Again, the -weight option is specified because each fragment from gapless now has a probability score.

The output is like this

#gene_id    gene_symbol tag_num exon_len    RPKM

Here exon_len is the total exonic length of the gene, and tag_num is the total number of exonic reads (or more precisely fragments) in the gene. RPKM is always calculated using total number of exonic tags summed over all genes in the output file as a denominator, to avoid the complication of rRNA reads, etc.

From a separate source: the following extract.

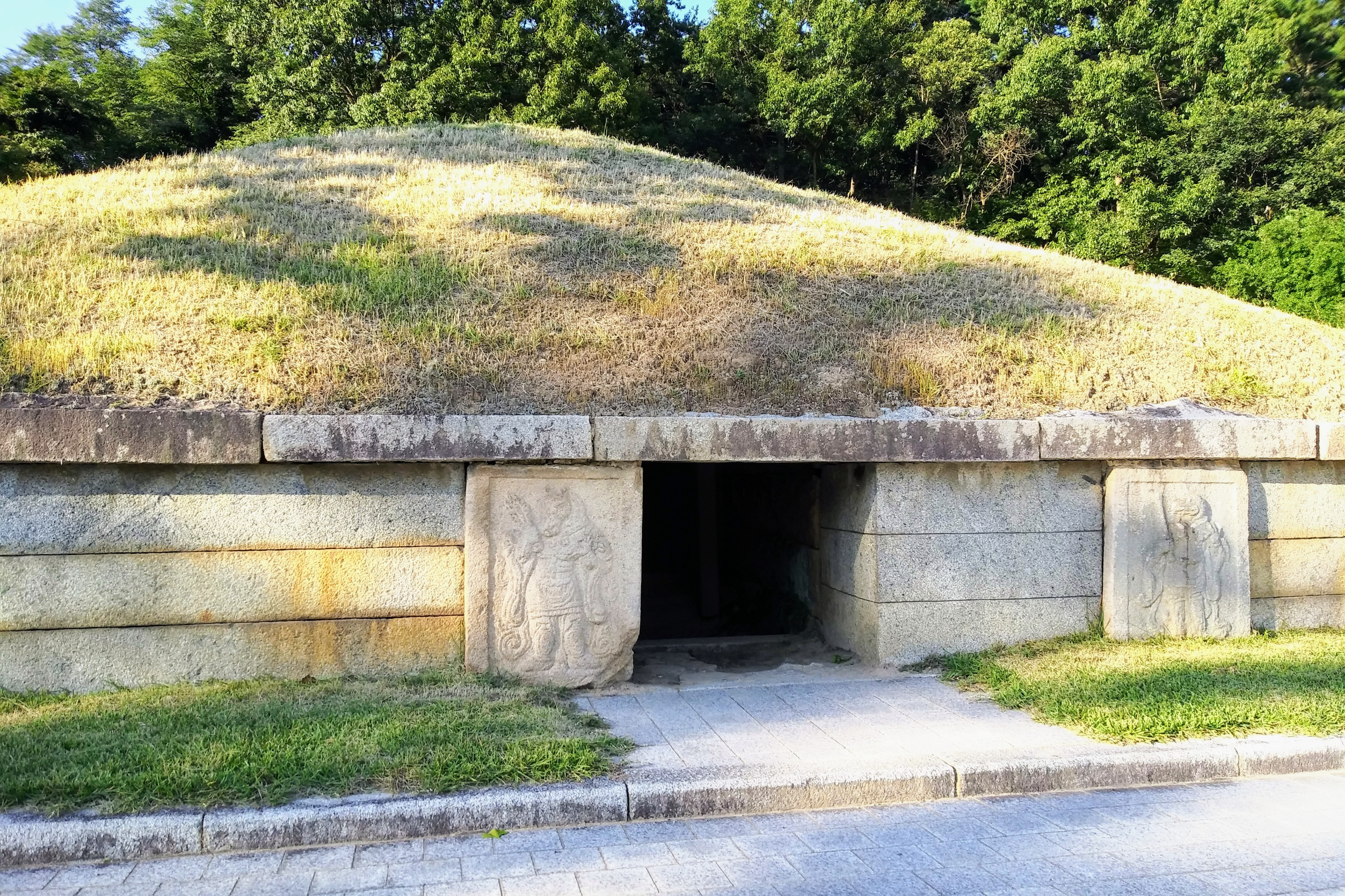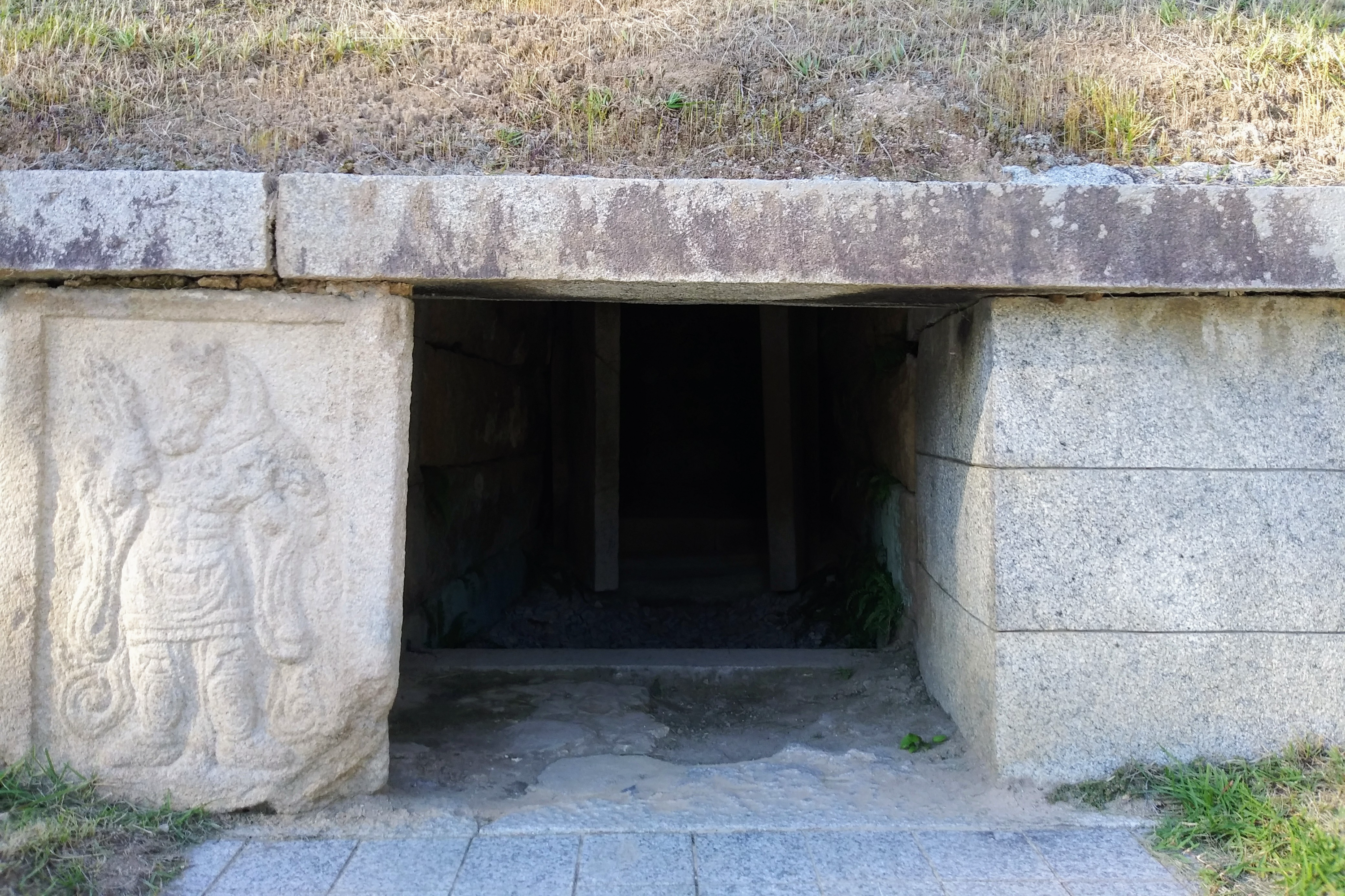 경문왕릉으로 비정되는 경주 구정동 방형분 / 경문왕 김응렴은 신라 48대 희강왕의 손자다. 경문왕은 아이러니하게도 희강왕과 왕권을 두고 죽고 죽이는 싸움을 벌였던 헌안왕의 사위가 되며 왕위를 이어받았다. 궁예는 이와 같은 당대 권력싸움의 희생양일 듯싶다.북서쪽에서 찍은 사진 / 호석에 12지신상과 폴로를 든 서역인상을 세웠으나 서역인상은 국립경주박물관으로 옮겨졌다.무덤 입구의 12지신상문이 열려 있어 엎드려 들어가볼 수도 있었으나.대구일보의 사진을 빌려왔다. / 안상문의 석관이 보인다.

This was done for all samples. Then an R package edgeR was used to do statistical test of differential gene expression. An example script can be downloaded from: http://geller.rockefeller.edu/Quantas/expr.edgeR.tagwise.R, which will report log2FC, p-value, and benjamini FDR

RPKM for each group needs to be recalculated after combining all samples in the same group.

We typically call significant differential expression by requiring FDR<0.01 (or 0.001), |log2FC|>1 (or 0.6 or 2), and max(group1RPKM, group2RPKM) in the top half.

Generate bedGraph files for visualization in UCSC genome browser

In most cases, bedGraph format provides excellent visualization, especially for alternative splicing events. The BED file after gapless analysis can be converted into a bedGraph file with a script in the countit package.

perl tag2profile.pl -big -weight -exact -of bedgraph -n "Sample_bed_graph" -v sample_out/pair.gapless.bed sample.bedGraph

In some cases, one might also want to show the summarized number of junction reads for each exon junction. This can be done by

perl tag2junction.pl -v -big -weight -c ./cache sample.combined.junction.bed sample.junction.count.bed

The 5th column now contain the read count for each junction, which is also shown as part of the name column. This file can also be loaded to the UCSC genome browser for visualization.